Unlike the typical Raspberry Pi Model A and B boards, the Raspberry Pi compute modules are not designed to be used as a home computer, but are slimmer and thinner boards designed to sit inside industrial and consumer appliances.
The Compute Module 3+'s improvements over the Compute Module 3 mean its CPU can sustain its performance for longer periods when under heavy load, says James Adams, COO of Raspberry Pi Trading.
"The CM3+ has better thermal behaviour under load. It has more thermal mass and can draw heat away from the processor faster than CM3," he says, explaining this improved heat spreading means either lower average temperatures or that it takes longer for the CPU to hit 80C and begin reducing its operating speed. The rated ambient temperature range for the CM3+ is also wider, ranging from -20°C to 70°C.
Despite using the same underlying BCM2837B0 system-on-a-chip (SoC) as the Raspberry Pi 3 Model B+, the CM3+ still shares the CM3's 1.2GHz CPU clock speed, a decision Adams says was due to power supply limitations.

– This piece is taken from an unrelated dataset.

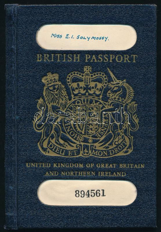 Leírás: 1963 London, Brit Királyság által kiállított fényképes útlevél Solymossy Erzsébet számára / British passport
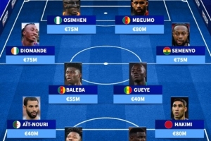 中場:Y·迪奧曼德(科特迪瓦、萊比錫、7500萬歐)、巴萊巴(喀麥隆、布萊頓、5500萬歐、無緣世界杯)、帕佩·蓋耶(塞內(nèi)加爾、比利亞雷亞爾、4000萬歐)、塞梅尼奧(加納、曼城、7500萬歐)

The CM3+ also increases the maximum onboard storage, from the 4GB eMMC storage on the Compute Module 3. Instead, the CM3+ is available with a choice of no eMMC storage ($25), 8GB eMMC storage ($30), 16GB eMMC storage ($35), 32GB eMMC storage ($40). The no eMMC storage option, known as CM3+ Lite, brings the SD card interface to the module pins, allowing the user to add an eMMC or SD card of their choice.
Adding more flash memory to the Raspberry Pi Compute Module was "one of the most frequent requests from users and customers", according to Adams.

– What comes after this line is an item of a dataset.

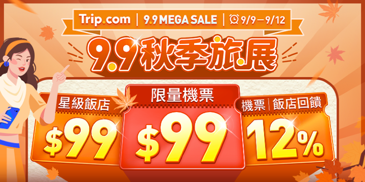 【2025年9月8日,台北訊】今年最狂教師節、中秋節、雙十節三大黃金連假來臨,全球領先的線上旅遊平台 Trip.com 推出限時4天「秋季旅展」,9 月 9 日起至9月12日於指定活動頁購買機票、住宿,最低享 99 元起銅板價,38種熱門景點門票、交通、eSIM、一日遊等票券,再享買一送一或半價優惠!同時,Trip.com瞄準秋季大型音樂盛典,IU、BLACKPINK等多位知名流行歌手與團體於日本、韓國、泰國演唱會即將開跑,祭出台灣、日本、韓國、泰國多家星級飯店,假日入住最高激省萬元;持Visa 商務卡卡友,可再於指定時間搶購單程直飛台北至大阪、札幌、清邁、首爾、普吉島等,日韓泰三國限量 999 元機票。不僅如此,Trip.com更霸氣推出優惠代碼、12% Trip Coins、預訂家庭出遊機票,享8折飯店、票券等三波好康優惠活動,數量有限,使用完為止。9月來Trip.com線上旅展預訂行程,迎接氛圍感十足的浪漫秋季旅遊。 (圖 1: Trip.com 限時4天秋季旅展開跑,9月9日至9月12日機票、住宿快閃驚喜優惠。) 9月9日至9月12日限時4天秋季旅展開跑,首發日機票、住宿超殺銅板價 黃金連假瘋旅遊,Trip.com 秋季旅展華麗登場! 9月 9 日首發日Trip.com祭出日本 [https://tw.trip.com/flights/cheap-flights-to-japan-78/]、泰國機票 [https://tw.trip.com/flights/cheap-flights-to-thailand-4/]與住宿超狂銅板價!中午 11 點搶先開賣,那霸水之都飯店、池袋陽光城王子飯店、札幌站前Forza飯店,以及2025新開幕,距離天神地下街步行5分鐘的福岡休雷克蓋特飯店等,交通位置極佳的星級飯店,每晚只要99 元起超值價格,平日每晚最高省6000元,假日更激省15000元;中午 12 點推出,單程直飛台北往東 [https://tw.trip.com/flights/taipei-to-tokyo/airfares-tpe-tyo/]京 [https://tw.trip.com/flights/taipei-to-tokyo/airfares-tpe-tyo/]、大阪 [https://tw.trip.com/flights/taipei-to-osaka/airfares-tpe-osa/]、曼谷 [https://tw.trip.com/flights/taipei-to-bangkok/airfares-tpe-bkk/]機票,只要 99 元,百元有找超划算。晚間 9 點30分,持Visa 商務卡卡友購買單程直飛台北往大阪、札幌 [https://tw.trip.com/flights/taipei-to-sapporo/airfares-tpe-spk/]、清邁 [https://tw.trip.com/flights/taipei-to-chiang-mai/airfares-tpe-cnx/],可享單人 999 元優惠價! 9月10日機票日與9月11日飯店日,假日住宿每晚激省7000元,超划算音樂追星新選擇! 秋日音樂盛典狂潮席捲全球,IU、YOASOBI、TWICE、BLACKPINK等多位知名日韓歌手與團體將於日本、韓國、泰國舉辦演唱會,還沒購買機票、住宿的迷粉們看過來。9 月 10 日機票日,中午 12 點販售單程直飛台北往首爾、釜山、濟州,單人 999 元機票。晚間9 點 30 分,持Visa 商務卡卡友購買單程直飛台北往首爾、濟州、曼谷、普吉島,可享單人 999 元優惠價。9 月 11 日飯店日,中午 12 點販售天空花園飯店明洞中心店 [https://tw.trip.com/hotels/seoul-hotel-detail-988513/hotel-skypark-central-myeongdong/] 、釜山萬楓飯店 [https://tw.trip.com/hotels/busan-hotel-detail-62286239/fairfield-by-marriott-busan-songdo-beach/] 、樂億皇家渡假酒店 [https://tw.trip.com/hotels/chiayi-city-hotel-detail-2488973/look-royal-resort/] 、品文旅礁溪 [https://tw.trip.com/hotels/yilan-hotel-detail-35597305/hotel-pin-jiaoxi/]、見潭璞旅 [https://tw.trip.com/hotels/taipei-hotel-detail-104677476/boutech-jiantan-hotel/] 、曼谷宜居飯店 [https://tw.trip.com/hotels/bangkok-hotel-detail-98984458/livable-hotel-bangkok/] 等熱門旅遊景點飯店,每晚 999 元優惠,平日每晚最高現省4000 元,假日現省近7000元,全台追星族想保留荷包購買紀念周邊趁現在! 9 月 12 日票券日,中午 12 點台灣、日本、韓國等地,38種限量票券、eSIM [https://tw.trip.com/guide/phone/esim.html] 、交通預訂優惠登場,包含胡志明市湄公河三角洲一日遊、暢玩關西高級通票1週、曼谷暹羅海洋世界門票等21種票券,享買一送一優惠;日本韓國泰國eSIM 、長灘島跳島遊與機場接駁、峴港出發巴拿山與金橋小團一日遊等12種票券半價;另有5種如香港機場快線電子票一口價優惠、 香港迪士尼樂園、日本環球影城等獨家優惠,多人同歡秋日旅行最好玩。 超大方三波好康活動,優惠代碼最高現賺3333元,家庭出遊再享飯店、票券8折優惠! 為讓全台Trip.com使用者玩得盡興,Trip.com加碼霸氣推出超狂三波優惠回饋活動。首波關注每日午間、晚間兩時段送出優惠代碼,9月9日首發日,中午12點30分釋出折抵333元,晚間10點釋出Visa卡友獨享折抵2222 元和 1111 元的機票、飯店優惠代碼;9月10日中午12點30分釋出折抵333元、泰國機票與泰國機加酒5折優惠代碼,晚間10點釋出折抵 1111 元和 333 元的限量機票優惠代碼;9月11日中午12點30分釋出折抵333元,晚間10點釋出折抵 1111 元和 333 元的限量飯店優惠代碼,數量有限,使用完為止。其次為晚間 10 點至 晚間11點 59分期間,預訂日本、韓國、泰國機票可享額外 12% Trip Coins 回饋。最後,瞄準親子旅遊需求,Trip.com今年首度推出「家庭出遊優惠」,秋季旅展期間於活動頁點擊「立即參加」,預訂一張含2位乘客以上的指定地點(台灣出發至東京、大阪、沖繩、首爾、釜山、上海、香港、曼谷)機票,付款成功後可一次獲得飯店與票券的8折優惠代碼。另外針對租車需求,也祭出限量最高 租車 [https://tw.trip.com/carhire/] 半價優惠券。從交通、住宿到租車,Trip.com通通一站式預訂包辦,誓要成為你黃金連假的最佳旅遊玩伴,讓你玩好玩滿享受度假美好,詳情可參考Trip.com秋季旅展活動頁。 【秋季旅展】 l 秋季旅展機票、住宿、票券預購:https://reurl.cc/6qVGbd 【關於Trip.com

Adams says the CM3+'s price was designed to be affordable to even the smallest outfits that want to build a product around the board.
"We limit the price so that the "maker in a shed" is not disadvantaged when producing only a few hundred products relative to professionals with much larger production runs," he says.
"The Compute Module takes care of the high-tech bits (fine-pitched BGAs, high-speed memory interfaces, and core power supply), allowing the designer to focus on the differentiating features they really care about."
Like its predecessors, the CM3+ is the same size as a DDR2 small outline dual in-line memory module, and is a flat board, as it lacks the populated ports, the bulky USB and HDMI connectors found on the traditional Pi boards.
All of these interfaces are still available on the CM3+, but like earlier CM boards, the CM3+ plugs into a user-created carrier board, via a standard 200-pin DDR2 SODIMM connector, and it is up to the user which ports they chose to expose.
The Compute Module boards also provide more interfaces than the regular Raspberry Pi, supporting two cameras and two displays, as well as extra GPIO (general purpose input-output).
The only change in dimensions in the CM3+ is a very slight increase to the height of the board over the CM3.
The CM3+ is the third Compute Module board, after the earlier CM3 and original Raspberry Pi Compute Module. The boards have been used inside various IoT, home and factory automation products — including NEC digital signs and the industrial-grade Revolution Pi from Kunbus.
Raspberry Pi Trading is also releasing a Compute Module 3+ Development Kit today. This kit contains 1 x Lite and 1 x 32GB CM3+ module, a Compute Module IO board, camera and display adapters, jumper wires, and a programming cable.